Monday, May 11, 2020

MORE CONSTRUCTION INFO ABOUT THE BLOUSE PERFECTED

Hi ladies,

I'm continuing my posts about The Blouse Perfected.  It's such a useful pattern that I thought it was worth the time and effort.  It can be made as a casual shirt like the one I just finished in the linen stripe.  I've also made it in denim as a casual shirt.  However, it's a classic in silk, and I've done that as well.  

I have to confess that I bought a shirt just about like it in a woven silk stripe, and I've made it in silk chiffon.  That one was a challenge!

Anyway, a casual version like the one I made for my summer wardrobe is a great one to start with.  You have a chance to practice the techniques and end up with something wearable, even if it's a bit less than perfect.  Then you can go on to something more challenging.  I'm really looking forward to making a white shirt from this pattern.

COLLAR

So today I'll talk a bit about constructing the collar on this shirt.  The first thing you'll need to do is interface it.  (Do browse the exquisite interfacings on the website.  All lightweight and fusible.)

I have a specific method for applying interfacing, and the instructions are in the patterns.  But it could be helpful to see some photos of how it's done.  

Here's what you need:  a piece of parchment paper (from the grocery; it's what you bake cookies on.)  A press cloth, preferably silk organza so you can see through it.  And your iron, of course.

So put the parchment paper on the ironing board with the fabric Collar piece wrong side up.  My next step is to lay the interfacing on top, glue side down.  (In the instructions, the order is a bit different--either way works fine.)  Finally, lay the pattern piece on top.  

The idea is that you want the fabric collar shape to exactly match the shape of the pattern piece.  It's easy to skew the shape and not realize it, so check it with the pattern piece.  Otherwise, you can be fusing your collar into the wrong shape and it will never look right when you have finished your shirt.  Here's what you want to watch out for:


Can you tell that I've been using this piece of parchment paper for a while!!?  Anyway, this collar might never be right.  Let's look at one that's correct.


OK.  So now you remove the pattern tissue and put your press cloth on top.  (The collar is long--you may have to do one half at a time.)


Put your iron straight down at the center of the collar, shoot a bit of steam, and count for several seconds.  Then lift the iron to another section and repeat.  Don't slide the iron across the collar unless you like wadded up interfacing glued to your collar!!  Ask me how I know!

Follow the instructions to sew the short ends of the collar together, trim, and press.  Progress to pinning the upper edge of the collar, paying attention to the clips.  

Now for the thing I saw Louise do one day.  I got a bruise from slapping my forehead over this one.  I'll show you in pictures.  Put the collar on your machine as normal, but about 1/2" from the folded end.  Put the needle down into the fabric.


Lift the presser foot and turn the collar around.  Shorten your stitch length to 2.0 and stitch to the edge.  Here, I'm about to stitch to the folded edge.


When you've reached the exact edge, turn the whole collar back around and stitch (at 2.5 stitch length) all the way to the other end.

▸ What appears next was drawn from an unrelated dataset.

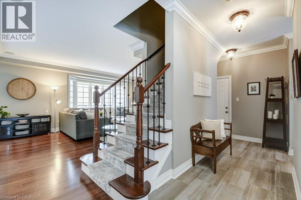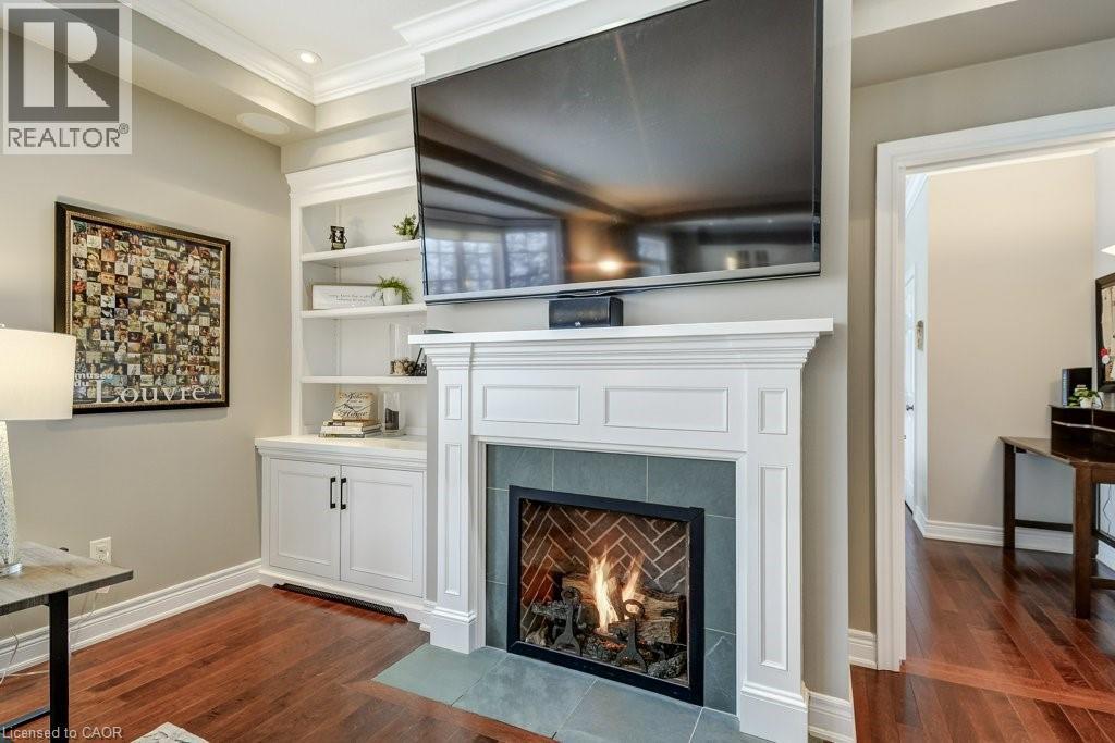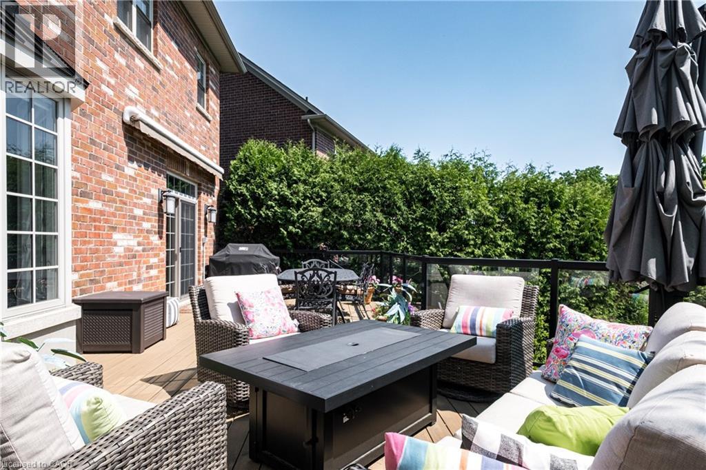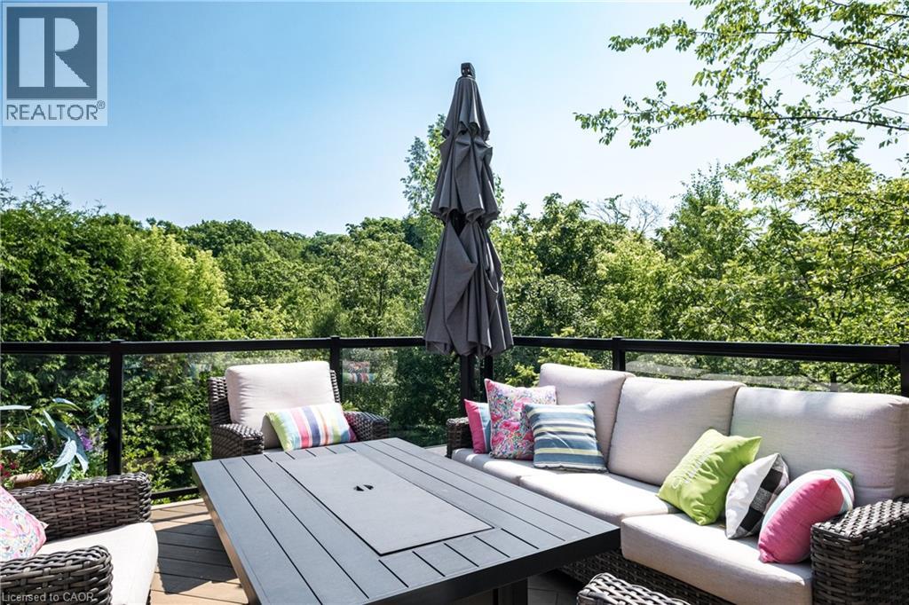 Executive living in prestigious Ancaster. Beautifully renovated 2-storey home on a quiet private road backing onto protected Conservation lands with no rear neighbours, offering exceptional privacy, tranquil treed views, and a true close-up-and-go lifestyle. Low monthly fees include snow removal (driveway & walkways), lawn cutting, fertilization, irrigation system open/close, and some seasonal garden planting. Designed with future living in mind with ELEVATOR ROUGH-IN, soaring ceilings, hardwood floors, and a bright open layout. The updated kitchen flows into the great room with gas fireplace and expansive windows overlooking the peaceful natural setting. Main floor also features a powder room, an office and formal dining room. Walk out to a 370 sq ft maintenance-free composite deck with glass railings — the perfect place to relax and enjoy the uninterrupted Conservation backdrop. Upper level offers a spacious primary retreat with custom walk-in closet and spa-inspired 5-piece ensuite, plus two additional bedrooms, updated bath, and convenient laundry. The finished walk-out basement provides exceptional additional living space with gas fireplace, 3-piece bath, built-in workstation, exercise area, second laundry, and abundant storage. Covered deck and large patio extend the outdoor living while maintaining total backyard privacy. Steps to Conservation trails and minutes to Hamilton Golf & Country Club, dining, shopping, the new Ancaster Arts Centre, and highway access. Meticulously maintained and move-in ready. (id:4555)

In this photo, I've turned and am ready to stitch all the way across the top.  Stitch a mirror image at the other end (turning and stitching back for 1/2" at 2.0).


So one of the things that always bothers me is that little dent I get when I backstitch.  The tension changes when backstitching and pulls the end of the seam too tight.  It's especially troublesome at the corner of a collar because it makes the corner even tighter and harder to turn nicely.  By always stitching forward as illustrated above, the problem is eliminated.  Give it a try.

Again, follow the instructions for the sequence of steps.  You'll grade the seam allowances.  One thing you might not have thought about doing is pressing the seam allowances open.  It's a crucial step.  I explain it by saying that it teaches the fabric where to fold, so when the collar is right side out, it's so much easier to fold that upper edge precisely.


Once all is pressed in accordance with the instructions, you'll need to edgestitch the collar.  (Look back at previous blogs about the set-up.)  The corners will be tricky, but we cover that in the instructions.  Read the steps carefully.  Here's what you'll do at the corner.  Begin at the bottom of the collar, edgestitching one folded end.  When you reach the corner, put the needle down and raise the presser foot.  Grasp the loose end and bring it to the back of the presser foot, laying it underneath against that folded edge.  Now the machine no longer thinks it's going uphill, and you can start stitching with no problem.


This has been a lot of text for a few steps, but I wanted to give the reasoning behind what we've said in the instructions.  I know that some sewers have skipped over these steps, thinking that they were overly fussy.  However, they definitely give a better result.  I would rather do something accurately once than do it quickly and have to unsew it and do it again (sometimes more than once!).  

I should mention that this edgestitching is much easier and better looking if you have the correct needle.  For nearly all fabrics, Louise and I use size 75/11 quilting needles (they're on the website).  We prefer them because they are so sharp.  They penetrate the fabric in a straighter line than needles that are more rounded.